To date, the most widely used code standard for alphanumeric characters has been ASCII (American Standard Code for Information Interchange) which is a 7-bit binary code standardized by ANSI (American National Standards Institute). As the only letters that ASCII supports are the English letters, its implementation in information processing and interchange environments has been limited to English. As a result, a large number of computer systems today communicate in the English language only.
In recent years, the computer industry has recognized the need to support the non-English Latin-based languages in order to facilitate communication with a non-technical user who often is familiar with only his native language. Hence, a new 8-bit multilingual character set was defined by ISO (International Standards Organization) in 1986. That set has already gained a broad support from the industry and various national standard organizations. The name of the character set is Latin Alphabet #1 and it has been documented in the ISO Standard as ISO 8859/1. It supports 14 Western European and Western Hemisphere languages that are used in 45 countries around the world.

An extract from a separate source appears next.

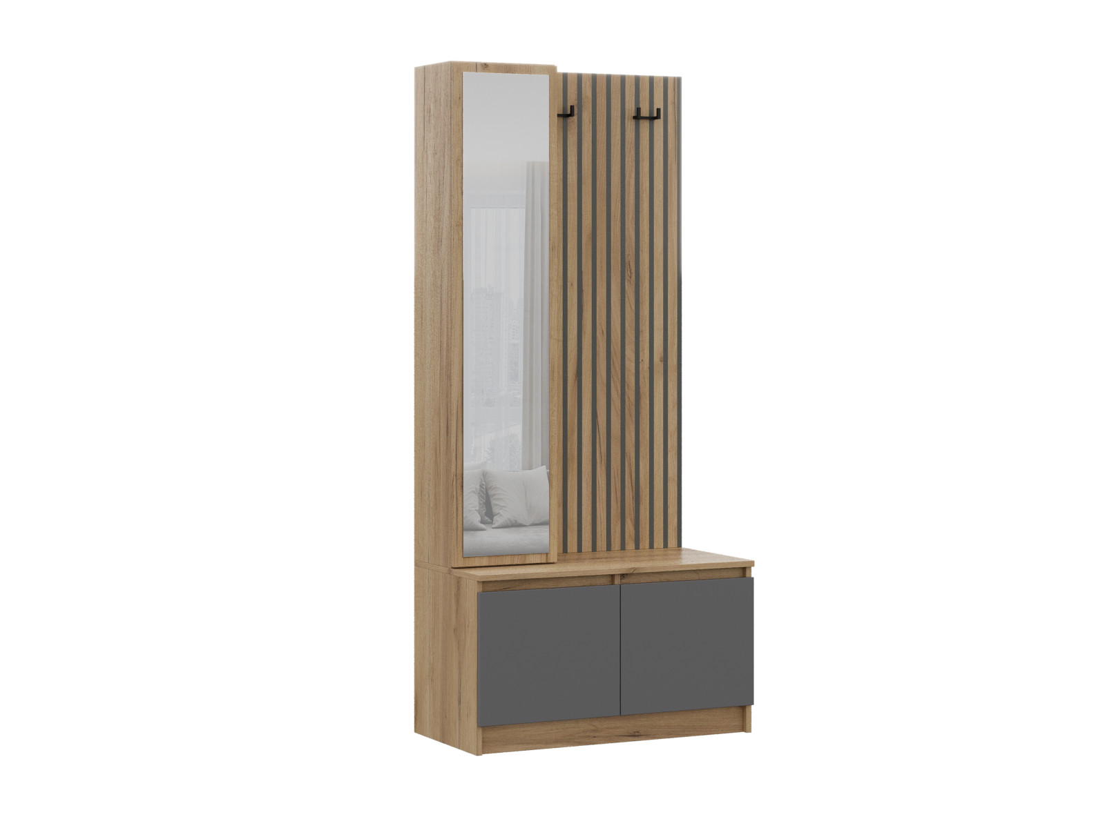 - Щит для одежды с крючками и фотопечатью (имитация реек).

The set of languages and characters supported by the ISO standard ISO 8859/1--"Information Processing--8 bit single byte coded graphic character sets--Part 1: Latin Alphabet #1" is believed to include most of those that are used in North America, Western Europe and Western Hemisphere. They are listed below:
Danish, Dutch, English, Faeroese, Finnish, French, German, Icelandic, Irish, Italian, Norwegian, Portuguese, Spanish and Swedish.
These languages are believed used in at least the following countries:
______________________________________ Argentina Finland Panama Australia France Paraguay Austria Germany Peru Belgium Guatemala Portugal Bolize Guyana El Salvador Bolivia Honduras Spain Brazil Iceland Surinam Canada Ireland Sweden Chile Italy Switzerland Colombia Liechtenstein The Netherlands Costa Rica Luxembourg UK Cuba Mexico USA Denmark New Zealand Uruguay Ecuador Nicaragua Venezuela Faroe Islands Norway ______________________________________
Returning now to the ASCII Character set, the main advantage embodied by the English language with regard to sorting is that the alphabetical order of the letters in the English alphabet corresponds to the internal numerical collating sequence in the ASCII set. This special feature makes the sorting of English language strings relatively simple and in most cases efficient.

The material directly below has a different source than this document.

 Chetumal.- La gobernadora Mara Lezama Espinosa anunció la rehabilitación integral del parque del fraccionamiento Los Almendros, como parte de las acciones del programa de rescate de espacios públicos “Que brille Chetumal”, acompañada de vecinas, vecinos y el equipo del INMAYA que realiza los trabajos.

For example, to sort two characters, the following operations are performed:
1) Convert the cases of both characters into the same one (i.e. the characters become caseless).

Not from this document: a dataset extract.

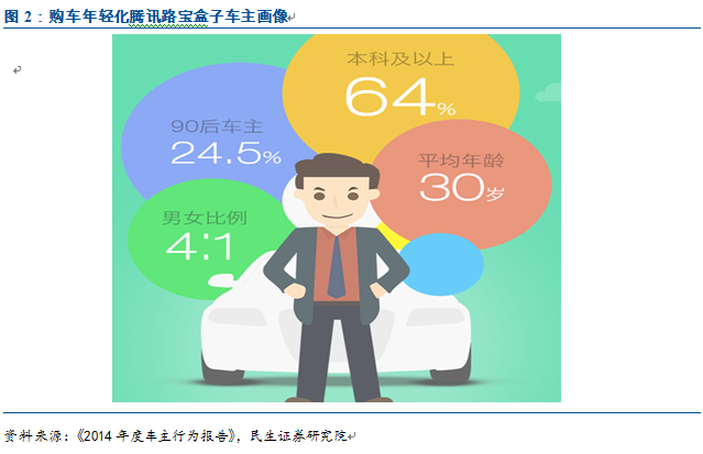 80、90后成为购车主力,追求个性、互联与智能。汽车的智能化趋势不仅是汽车工业转型升级这一国家意志的体现和国家层面政策的推动,汽车消费群体的重大变化也是推动汽车行业智能化趋势的重要力量。根据J.D.Power咨询公司的报告显示,目前“80后”已经成为车市消费中的中流砥柱,他们在消费总量中的份额从2007年的23%上升至2014年的43%,成为占比最高的群体,作为“80后”,其消费特点不仅仅停留在汽车的安全、性价比上,更多注重个性化的体现、以及对于互联功能、智能科技的关注。腾讯推出车载智能产品后,联合腾讯汽车共同发布了《2014年度车主行为报告》,其中数据显示路宝车主有24.5%是90后,平均年龄为30岁,年龄呈现年轻化。

2) Use straight comparison of codes (ordinal values) of both characters to determine the relative sort orders. The character whose ordinal value is smaller is collated first (in ascending order sorting).
The main advantage embodied by the English language alphabet (i.e. A to Z, no accented characters) with regard to data retrieval is that the matching process is basically unique (i.e. one-to-one mapping for all characters). In addition, as mentioned above, the ASCII sequences of the characters correspond to their sort order and hence alphabetically sorted data retrievals can be done relatively easily.
In addition, the full repertoire of the ASCII character set is normally represented in most cases by the users' terminals and hence problems of retrieving characters outside the keyboard repertoire does not normally arise.
In general, to insert a text string into an ordered database in ASCII, the following operations are performed:
1) Case conversion is done for the text string. This step is necessary for both upper and lower case versions of the same character to sort and match identically.
2) Use straight comparison of codes (ordinal values) of the case-converted text string against those existing in the database so as to find out the right insertion spot.
The retrieval operation usually goes through the following steps:
1) Find the matches based on the case-converted search key. The matches can be multiple and depends on whether the retrieval is by a unique key or associated with wildcard characters (e.g. find all entries beginning with "A").
2) Matched entries will be extracted and displayed to the user in sorted order since the data is stored in sorted order.